Feng shui helps organize every day life


Thomas Allison

Applying some basic principles of the ancient Chinese art of Feng Shui can be an easy way to relieve stress. Some tips include strategic furniture placement and eliminating clutter.

Karin Samelson

Spring is upon us, and you might find yourself weighed down by unnecessary objects or unorganized school supplies. This is the perfect time for spring cleaning. By following a few feng shui tips and tricks, you may find you can breathe easier and keep your stress levels down.

Feng shui is the Chinese art of positioning important objects to enhance the circulation of “chi,” which is often translated as air, breath or energy flows. This practice originated over 3,000 to 6,000 years ago to balance energies in an inhabited space to guarantee good health and fortune. Feng shui became popular in the states in 1972 after Richard Nixon visited the People’s Republic of China.

“When we shift or enhance the energy of a living space, that energy then supports us to attain our goals and dreams. If a living space is cluttered and messy, that is the energy working through one’s life,” said Stacy Davenport, who studied with master feng shui expert Lin Yun from Beijing, and is currently a feng shui consultant in Austin.

Stacy attributes all of her success to the feng shui that she has incorporated in her life. By rearranging the furniture according to feng shui principles, she said she became more financially successful.

According to feng shui experts, by incorporating a few tips to enhance the layout of your bedroom, you can elevate your happiness. It’s best to make adjustments on a day-to-day basis and not try to reorganize your whole space.

Most importantly in feng shui, it’s essential to de-clutter your living space.

“It’s vital that we remove those items that are old, unused and broken from our living space,” Davenport said. “I always encourage others to remove 27 items from your home to open up the space for something new to come in. These 27 items can come from cabinets, closets, garages or drawers.”

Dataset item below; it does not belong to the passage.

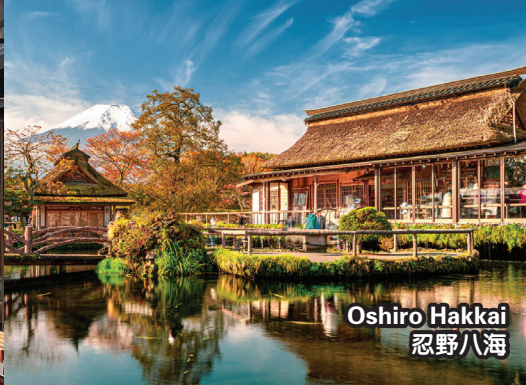
Oshiro Hakkai 忍野八海

Davenport is inclined to use the number 27 because two and seven add up to nine, which is an auspicious number for feng shui. The bagua grid, a main tool of feng shui that’s used to evaluate how energy moves by vibration in a given space, has nine sections.

A good tip for those who are feeling the stress of the approaching end of the semester is to clear your study space of clutter, and you’ll find yourself able to focus better. Make sure that your living space doesn’t become a storage area, and since doors are associated with opportunity, leave the entrance to your room clear of any disorder.

“I’m more productive when everything is organized and neat,” said multimedia journalism junior Jackie Ruth, who has an interest in feng shui. “I try to make sure my desk doesn’t have anything on top of it so I can get stuff done when I need to.”

A tip for any singles out there who are looking to find a mate: According to feng shui principles, if you clear out a few unused items and make way for empty space, it will create the emotional space to increase your liveliness and allow for new relationships.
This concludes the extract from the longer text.